By: Jaime Israel Davila Gomez, attorney
When creating a company, one of the most important steps is the name it will have and what it will use to distinguish itself from other companies in the market. Undoubtedly, employers often take up marketing issues by choosing the name your company will have.
However, rarely do they contemplate the legal part and although they can get away with it, there is also the possibility of facing major problems when trying to register a trademark whose creation did not take into account the law, which is directly related to not being able to register a brand that has been used and that has positioned the company (with the costs and the time invested) in the trade.
In the first place, when creating or giving name to the company, what cannot be registered must be taken into account: generic denominations (such as coffee to sell coffee), descriptive (nutritious for food), related to certain companies or people (celebrity names), that go against the moral (high-sounding words), some names of famous places for certain products (Lion to sell shoes), acronyms of official bodies (FIFA, INE, IMSS) are some examples of the most common; also the other recurrent obstacle is the existence of a registered trademark equal or very similar to the same products or services.

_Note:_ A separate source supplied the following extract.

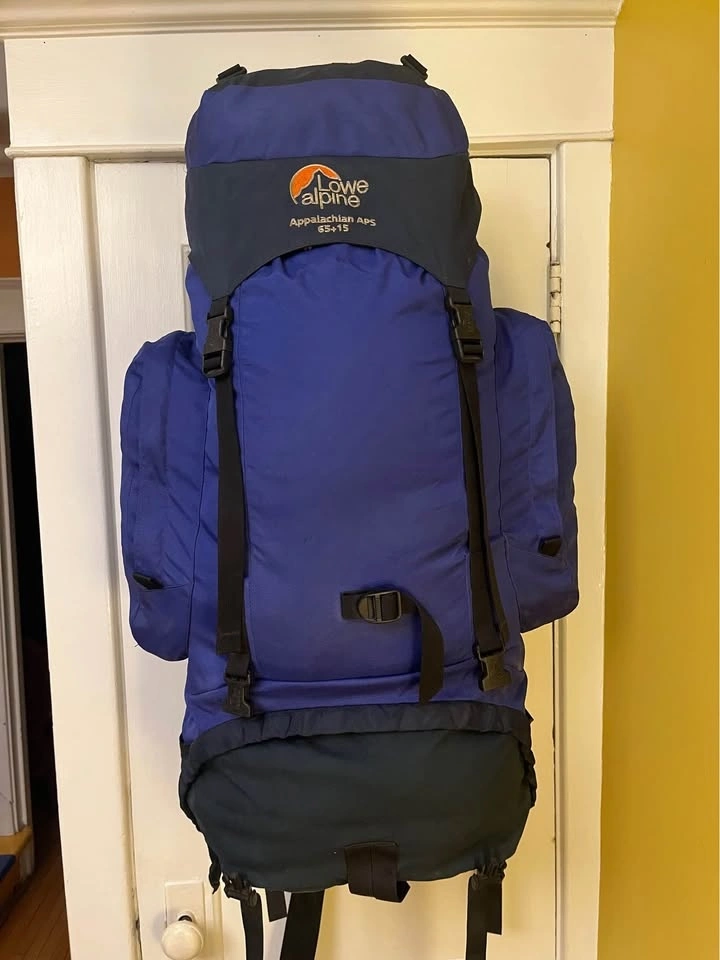 Originally purchased in the UK, this high-quality backpack was only used on two short trips. It has remained in storage since then. The Appalachian APS 65+15 has been discontinued, but remains a popular backpack for urban, front-country, and back-country hikers. Like all Lowe Alpine bags, this one is lightweight, sturdy, durable, water resistant, and easy and comfortable to carry. It comes with an adjustable internal frame, padded shoulder straps, padded back and waist straps, two large internal compartments (65 L + 15 L of storage), compression straps, two expandable side compartments, and an easy-access compartment on the rain cover. All zippers, straps, and buckles are in perfect working condition. Brand new Lowe Alpine backpacks of a similar size and style typically cost between $250 and $370 CAD.

When creating the name for a company or any other project (association, start up, business) it’s important to rely on an expert and avoid using any name from which registration can’t be obtained in the future, or to see which modifications would be allowed in a registration, because in the case of descriptive or generic words the addition of another fictitious name would give the possibility of obtaining a registration (at a time when the mark has not been positioned and changes can be easily made); for instance, the word coffee to sell coffee could not be registered because it’s generic, but by adding an invented or foreign name such as Café Vinti or Café Jovial, registration could be obtained.